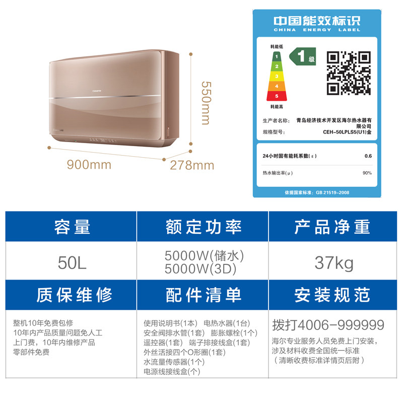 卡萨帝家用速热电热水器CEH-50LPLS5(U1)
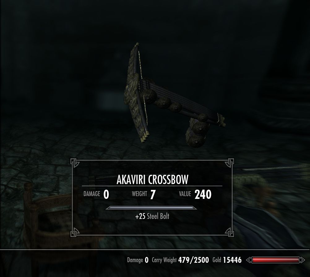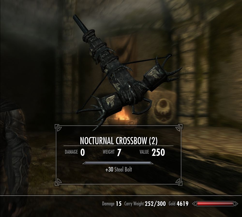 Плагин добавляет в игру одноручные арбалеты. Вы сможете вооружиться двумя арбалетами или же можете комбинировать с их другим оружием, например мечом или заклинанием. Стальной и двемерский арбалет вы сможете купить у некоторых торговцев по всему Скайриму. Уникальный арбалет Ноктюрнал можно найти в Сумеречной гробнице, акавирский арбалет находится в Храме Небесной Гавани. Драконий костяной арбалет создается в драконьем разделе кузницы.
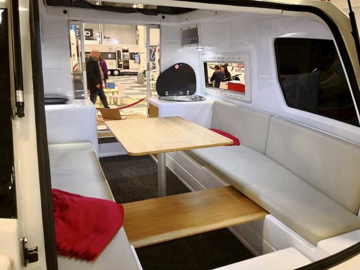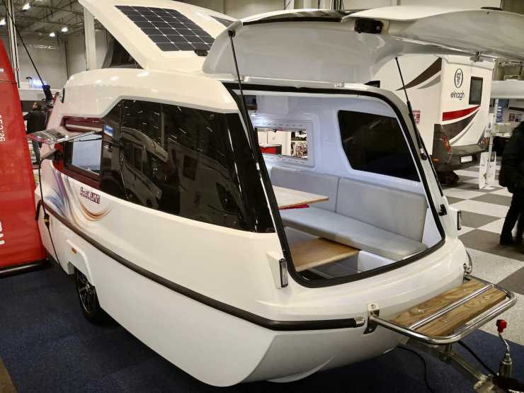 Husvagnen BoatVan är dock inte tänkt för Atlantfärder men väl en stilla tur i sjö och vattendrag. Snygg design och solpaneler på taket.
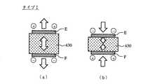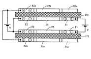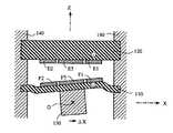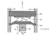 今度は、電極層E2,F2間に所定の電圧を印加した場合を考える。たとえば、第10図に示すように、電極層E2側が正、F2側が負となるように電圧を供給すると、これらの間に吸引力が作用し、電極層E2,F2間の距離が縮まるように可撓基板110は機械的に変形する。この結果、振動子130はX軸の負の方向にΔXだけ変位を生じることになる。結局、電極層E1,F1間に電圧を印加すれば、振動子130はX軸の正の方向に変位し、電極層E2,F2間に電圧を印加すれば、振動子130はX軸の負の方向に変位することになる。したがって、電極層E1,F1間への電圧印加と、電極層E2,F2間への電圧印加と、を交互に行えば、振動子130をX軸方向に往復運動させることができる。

# # # # #

(EXERCISE DIRECTIONS) Without the pictures, repeat the listing word for word.

(ANSWER SECTION)
 卡萨帝家用速热电热水器CEH-50LPLS5(U1)
 Плагин добавляет в игру одноручные арбалеты. Вы сможете вооружиться двумя арбалетами или же можете комбинировать с их другим оружием, например мечом или заклинанием. Стальной и двемерский арбалет вы сможете купить у некоторых торговцев по всему Скайриму. Уникальный арбалет Ноктюрнал можно найти в Сумеречной гробнице, акавирский арбалет находится в Храме Небесной Гавани. Драконий костяной арбалет создается в драконьем разделе кузницы.
 Husvagnen BoatVan är dock inte tänkt för Atlantfärder men väl en stilla tur i sjö och vattendrag. Snygg design och solpaneler på taket.
 今度は、電極層E2,F2間に所定の電圧を印加した場合を考える。たとえば、第10図に示すように、電極層E2側が正、F2側が負となるように電圧を供給すると、これらの間に吸引力が作用し、電極層E2,F2間の距離が縮まるように可撓基板110は機械的に変形する。この結果、振動子130はX軸の負の方向にΔXだけ変位を生じることになる。結局、電極層E1,F1間に電圧を印加すれば、振動子130はX軸の正の方向に変位し、電極層E2,F2間に電圧を印加すれば、振動子130はX軸の負の方向に変位することになる。したがって、電極層E1,F1間への電圧印加と、電極層E2,F2間への電圧印加と、を交互に行えば、振動子130をX軸方向に往復運動させることができる。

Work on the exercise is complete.